As vendas do tablet vêm caindo há dois anos. Apesar da introdução de tecnologias como telas capazes de reprodução fiel das cores e acessórios como o lápis digital iPencil, os iPads não são versáteis o suficiente para substituir um laptop e podem ser supérfluos para quem já resolve a vida com um smartphone. Os computadores também não serão a saí­da.

A Apple, que há dez anos tirou o “Computer” do nome, nunca vendeu tantos Macs como hoje, mas o mercado de PCs já passou do auge. A expectativa mais otimista é de uma longa fase de estagnação. Como aponta um relatório da consultoria americana IDC, a vida útil dos computadores de mesa e laptops é cada vez maior, e eles enfrentam a concorrência justamente de smartphones e tablets.
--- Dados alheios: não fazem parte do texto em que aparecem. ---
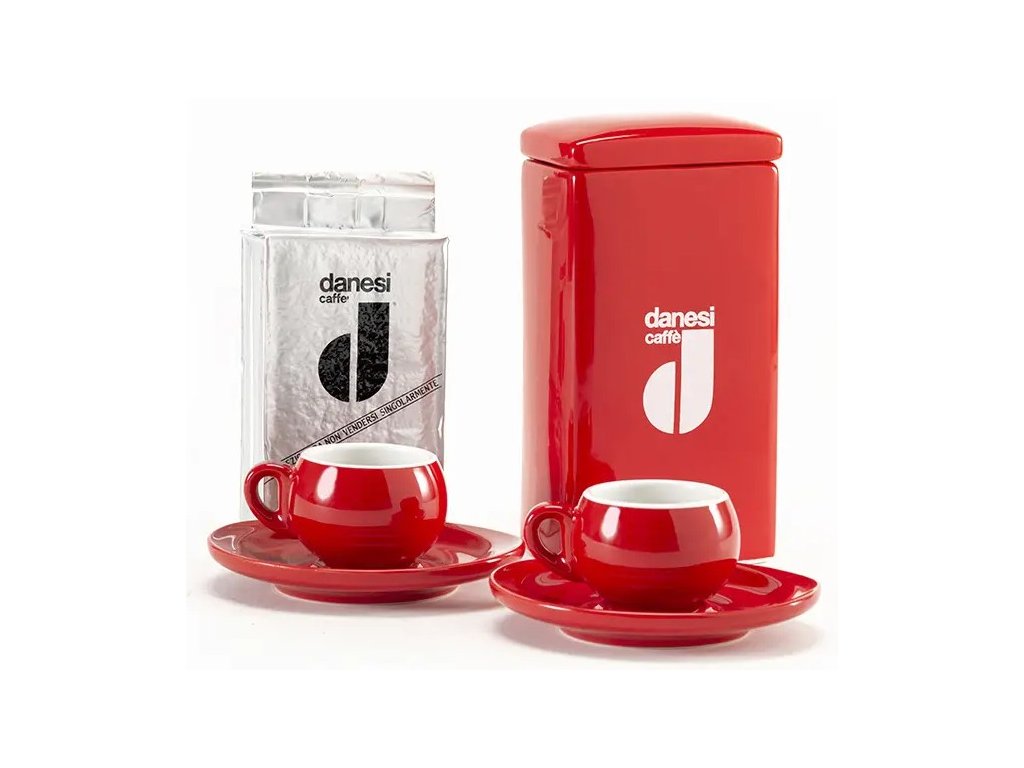 Danesi Duo Plus Set Red - Dark Coffee Cassette 250 g + 2 cups and 2 saucers - red
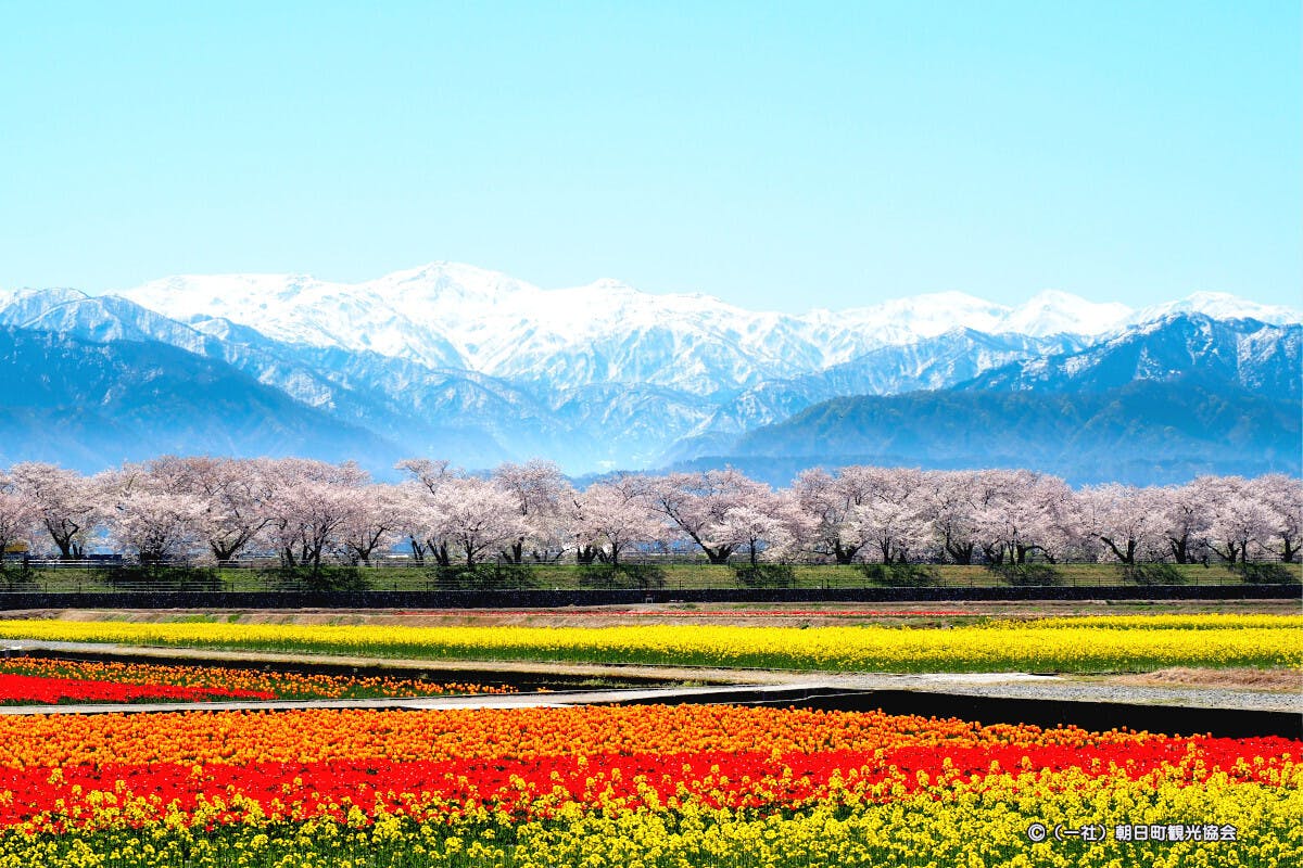 富山県朝日町、あさひ舟川「春の四重奏」、残雪の朝日岳を背景に、桜並木、チューリップ、菜の花が奏でる四重奏! 今回のリターン(返礼品)のクリアファイルの写真の場所です!

Todo o peso da expectativa recai sobre o Apple Watch. O relógio inteligente foi lançado há um ano em um evento grandioso — e com a hiperbólica cobertura de mídia que costuma acompanhar novos produtos da Apple.

O auê era compreensível: o Apple Watch foi o primeiro produto realmente novo da empresa desde o iPad (que estreou em 2010) e o primeiro grande lançamento depois da morte de Steve Jobs em 2011. A Apple não divulga os números de vendas do relógio, mas analistas estimam que 12 milhões de unidades tenham sido vendidas no primeiro ano.

É o dobro do número de iPhones vendidos nos seus primeiros 12 meses, e potencialmente um negócio de 6 bilhões de dólares. Até agora, porém, ninguém sabe dizer se esse “computador de vestir” será uma grande plataforma computacional ou um item para consumidores endinheirados e dispostos a experimentar qualquer novidade. A bateria dura pouco tempo e o soft­ware é lento.

O jornalista Casey Chan, do site especializado em tecnologia pessoal Gizmodo, abandonou o Apple Watch depois de dez meses. “Ainda não sei o que os botões fazem”, escreveu Chan sobre o aparelho — uma crítica dura para uma empresa conhecida por sua obsessão com o design integrado de hardware e software.

Os elogios são unânimes em relação ao acompanhamento de atividades físicas e aos avisos de mensagens de texto e ligações. Mas outros aparelhos fazem o mesmo e custam menos. Três de cada quatro gadgets “de vestir” são pulseiras inteligentes, segundo um levantamento da Kantar Worldpanel ComTech.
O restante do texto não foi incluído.